I just booked a boat trip here for the day of the SJ team finals.   http://www.citycruisesgamestravel.co.uk/WebSys.aspx 

http://www.citycruises.com/city-cruises-experiences-special-events-2012-games-river-tour.aspx

The river routes are on here http://www.london2012.com/mm/Docume...5/69/95/2012Gamesriverservicesmap_Neutral.pdf


----------



## Joeyjojo (26 July 2012)

I second the advice to get the DLR from Stratford - I'd think it would be the easiest/quickest way to get to Greenwich. 

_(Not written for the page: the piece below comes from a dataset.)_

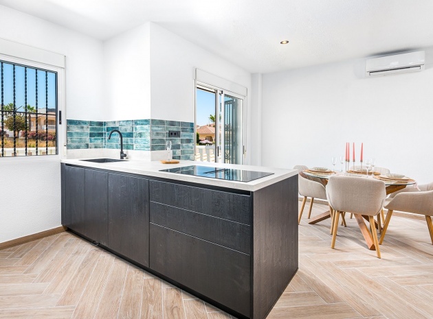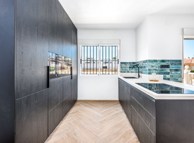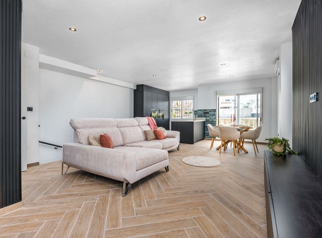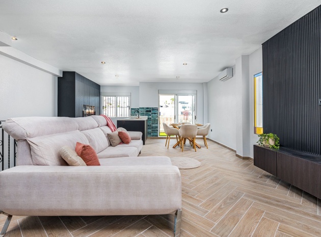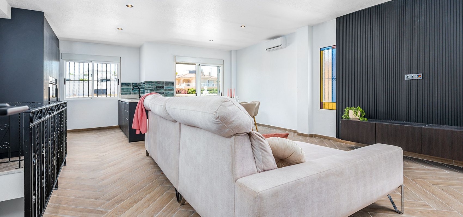 L'étage supérieur comprend un lumineux espace ouvert comprenant salon, salle à manger et cuisine, avec électroménagers intégrés et climatisation. Le balcon exposé sud est idéal pour prendre un café le matin ou dîner en plein air au soleil. Une élégante buanderie complète cet étage.

If you got the clipper you'd need to get from Stratford to a place on the Thames where the clipper picks up, not sure that would be very easy.


----------



## Bedlam (26 July 2012)

I have to say that I don't know if it's sold out for next week, but I went to Greenwich on Monday to do some work at the equestrian venue and I really enjoyed my public transport adventure! I took the river bus from Tower Pier - a few minutes walk from Tower Hill tube. It was fantastic! Got a great pic of the Olympic rings on Tower Bridge from the pier, the boat was incredibly fast and Greenwich Pier is only a few minutes walk from the spectators entrance. Much more fun than DLR. Plan some time in to allow for tourists queuing and just enjoy the whole experience of getting there as well as being there!


----------



## footballerswife (27 July 2012)

thanks for the replies - DLR does look the sensible option maybe we will try to get the clipper on the way home. it does sound a fun way to travel x


----------



## footballerswife (27 July 2012)

firm said:



			I just booked a boat trip here for the day of the SJ team finals.   http://www.citycruisesgamestravel.co.uk/WebSys.aspx 

http://www.citycruises.com/city-cruises-experiences-special-events-2012-games-river-tour.aspx

The river routes are on here http://www.london2012.com/mm/Docume...5/69/95/2012Gamesriverservicesmap_Neutral.pdf

Click to expand...

very helpful firm, now looks a possibility, what a great way to arrive, thanks for taking the trouble x


----------